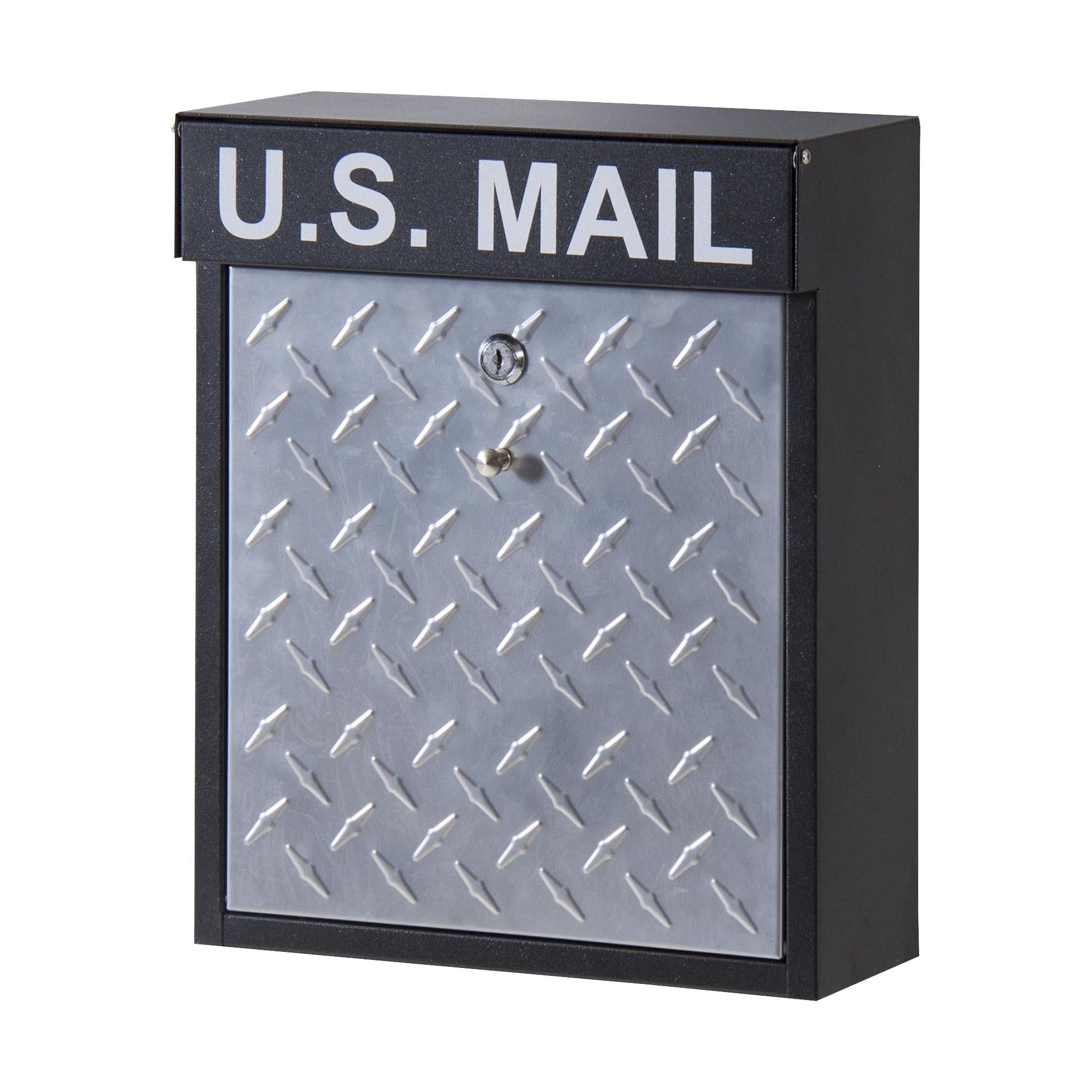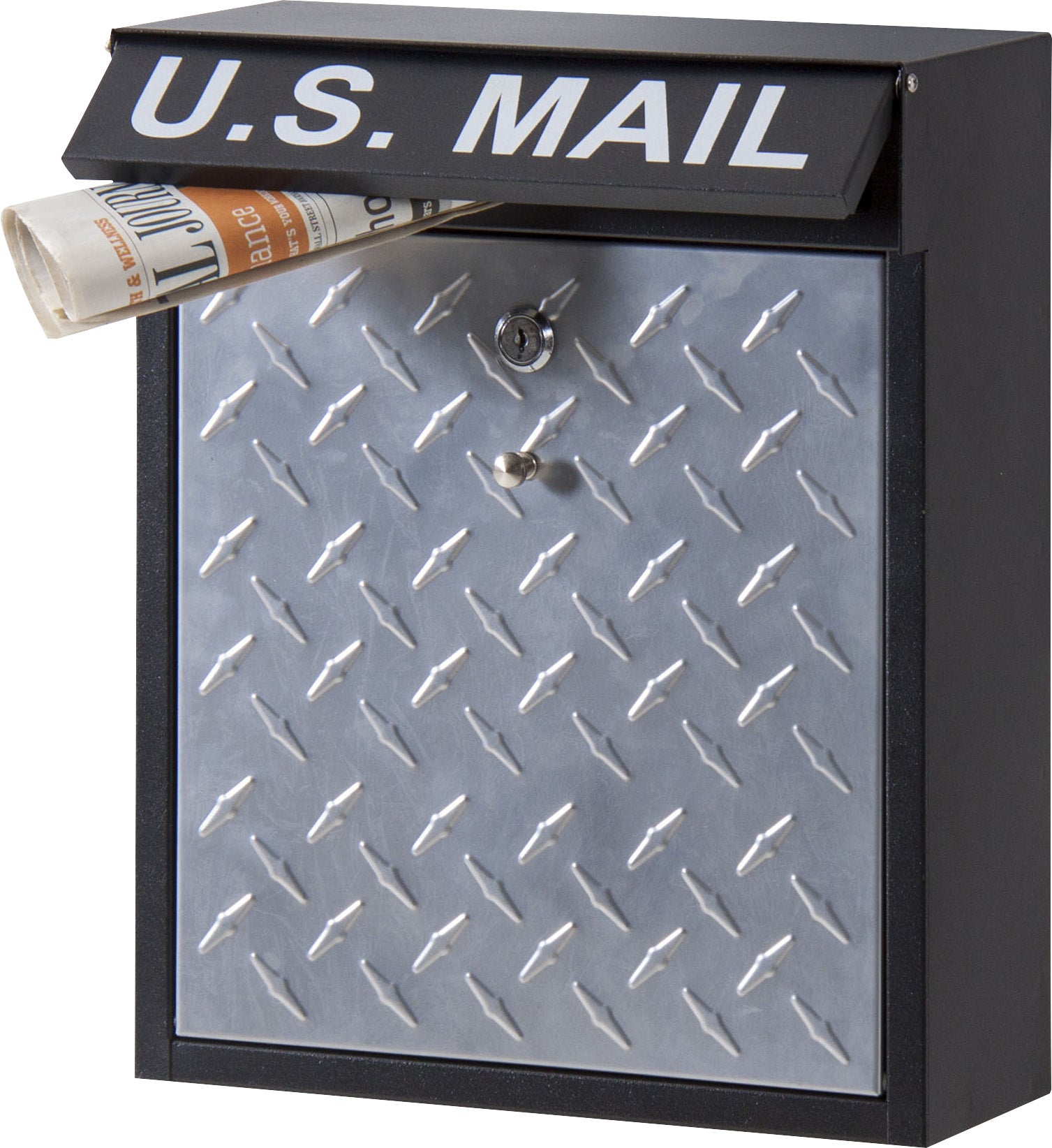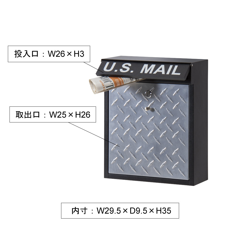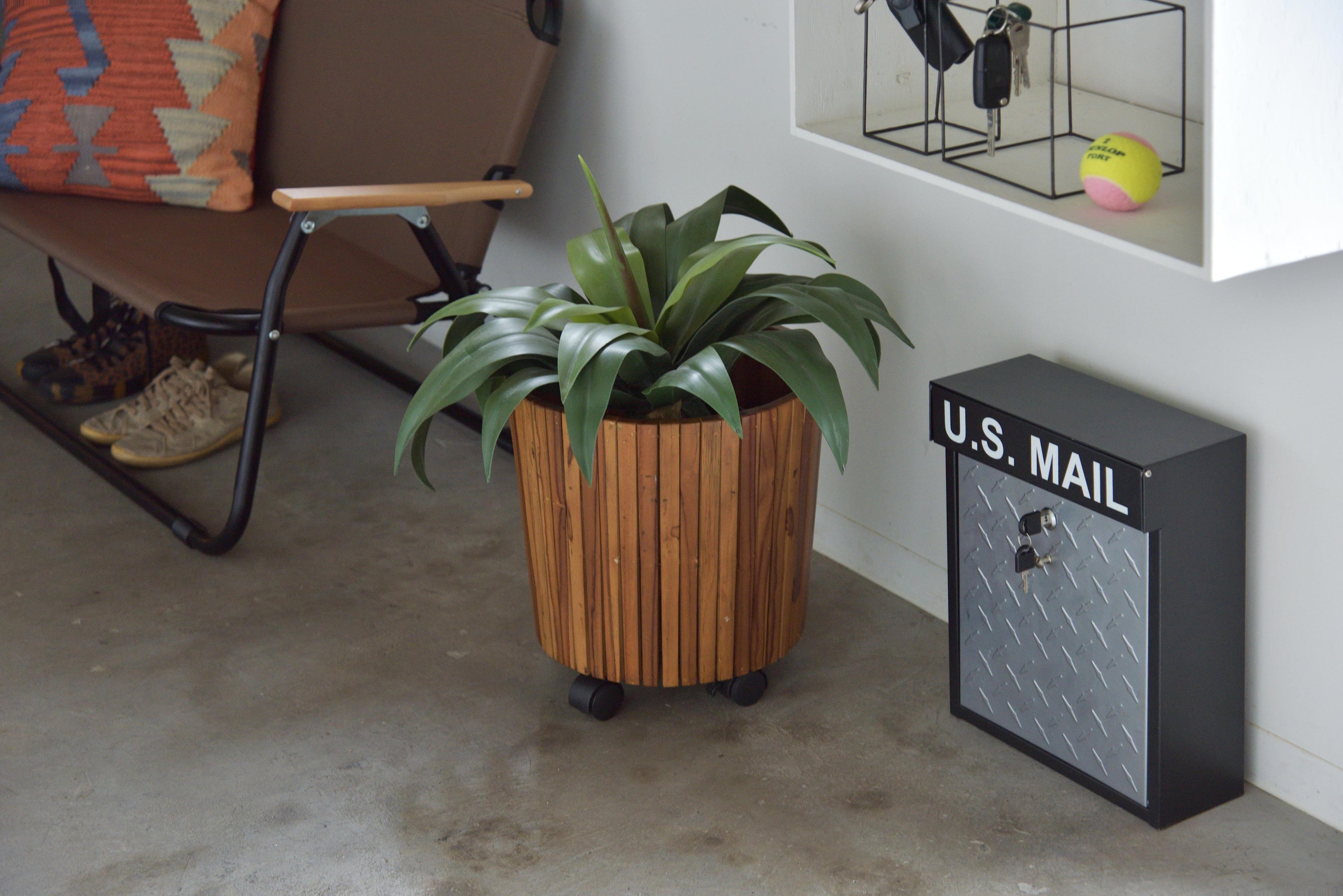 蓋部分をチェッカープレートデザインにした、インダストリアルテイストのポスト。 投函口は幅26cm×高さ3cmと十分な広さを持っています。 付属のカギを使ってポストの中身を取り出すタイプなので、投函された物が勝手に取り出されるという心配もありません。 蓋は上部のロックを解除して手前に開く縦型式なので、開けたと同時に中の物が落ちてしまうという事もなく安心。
........
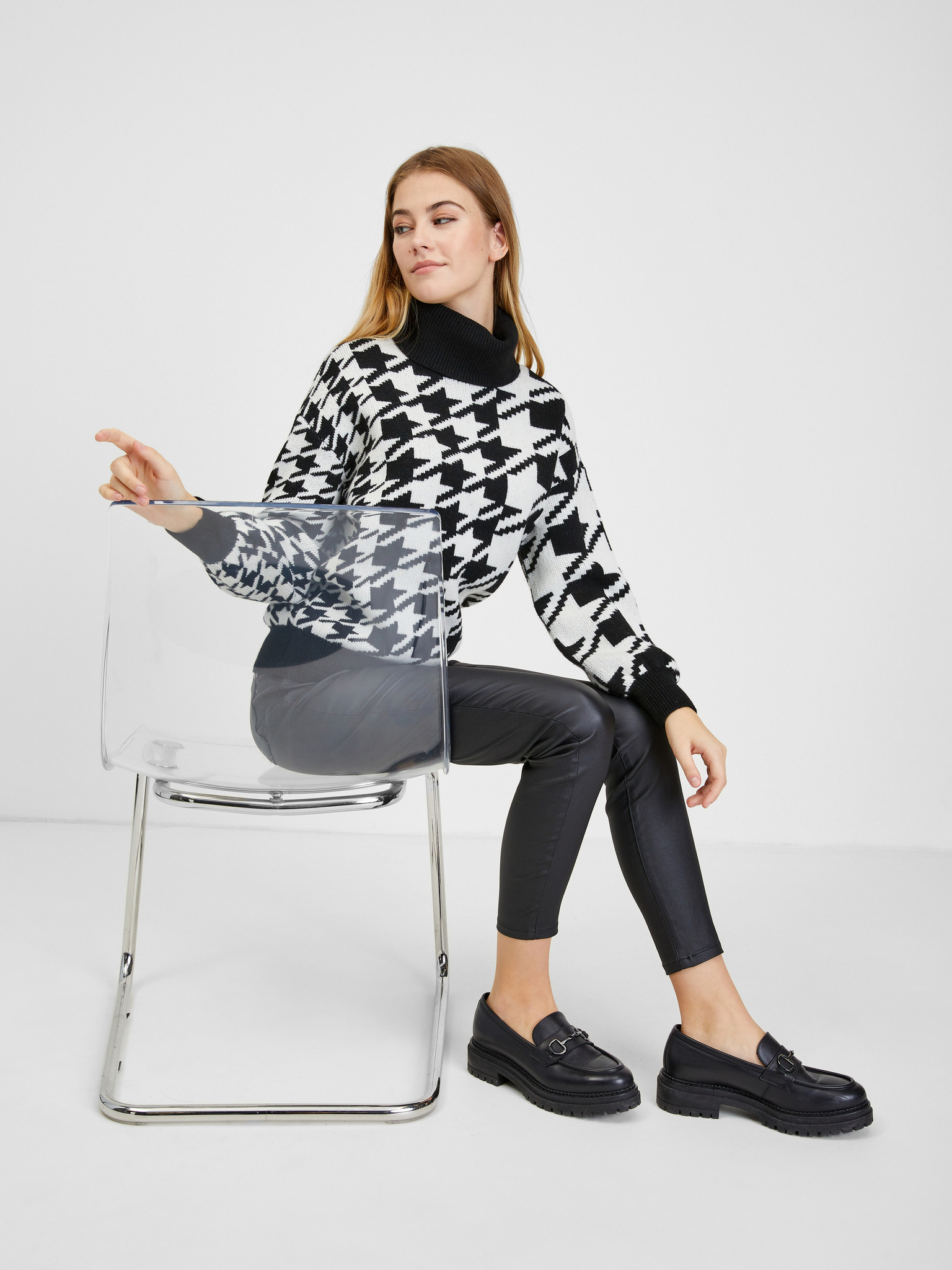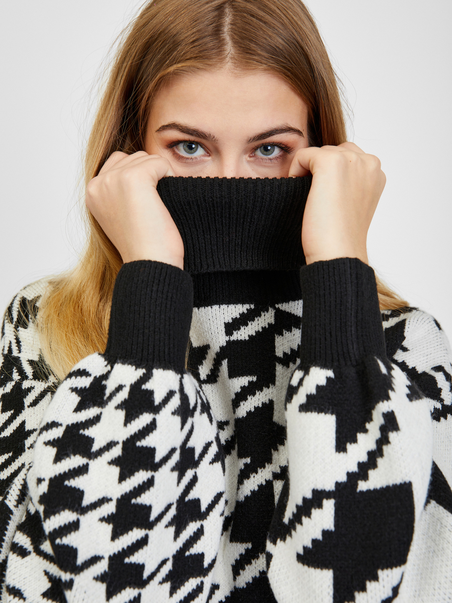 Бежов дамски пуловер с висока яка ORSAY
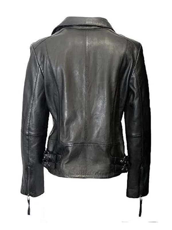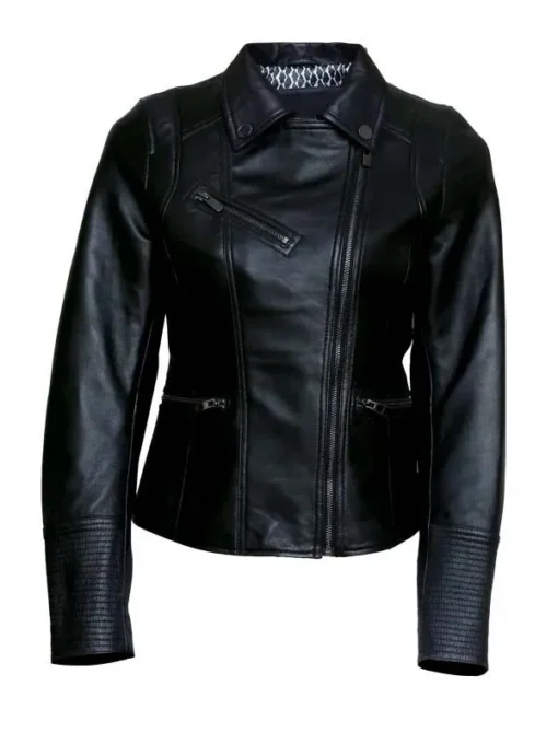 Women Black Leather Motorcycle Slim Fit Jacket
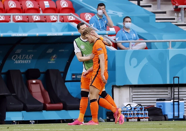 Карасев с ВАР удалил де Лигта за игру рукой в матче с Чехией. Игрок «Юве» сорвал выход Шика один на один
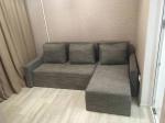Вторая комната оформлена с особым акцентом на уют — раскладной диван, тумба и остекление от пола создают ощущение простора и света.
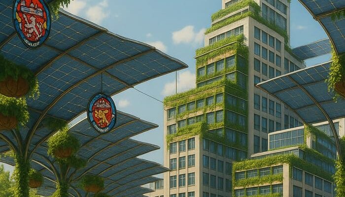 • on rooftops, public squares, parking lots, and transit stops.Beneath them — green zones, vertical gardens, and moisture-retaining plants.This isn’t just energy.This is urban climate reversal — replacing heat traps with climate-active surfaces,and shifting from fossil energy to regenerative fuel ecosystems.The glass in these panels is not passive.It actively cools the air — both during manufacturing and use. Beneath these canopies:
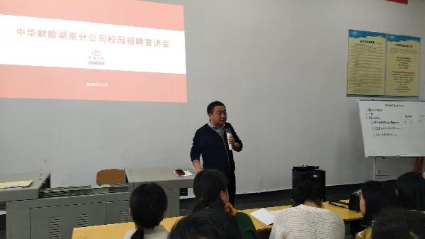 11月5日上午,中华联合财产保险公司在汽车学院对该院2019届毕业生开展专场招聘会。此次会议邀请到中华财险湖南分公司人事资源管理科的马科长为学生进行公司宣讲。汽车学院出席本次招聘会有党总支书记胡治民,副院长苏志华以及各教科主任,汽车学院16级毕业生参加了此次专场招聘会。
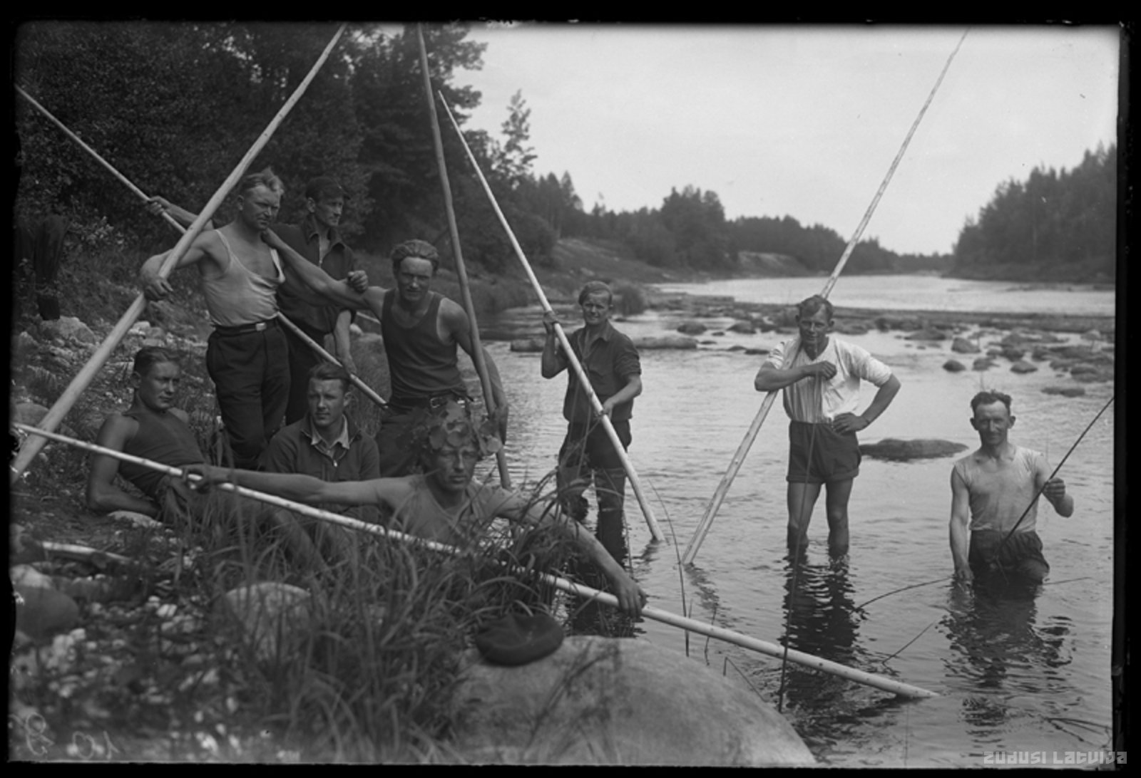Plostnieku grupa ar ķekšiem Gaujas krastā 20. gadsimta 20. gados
........
### YOUR INSTRUCTIONS
For the data above, set down exactly the lines from the line with "Women Black Leather" to the line with "Вторая комната оформлена", both included, leaving pictures out.

### REPLY
 Women Black Leather Motorcycle Slim Fit Jacket
 Карасев с ВАР удалил де Лигта за игру рукой в матче с Чехией. Игрок «Юве» сорвал выход Шика один на один
Вторая комната оформлена с особым акцентом на уют — раскладной диван, тумба и остекление от пола создают ощущение простора и света.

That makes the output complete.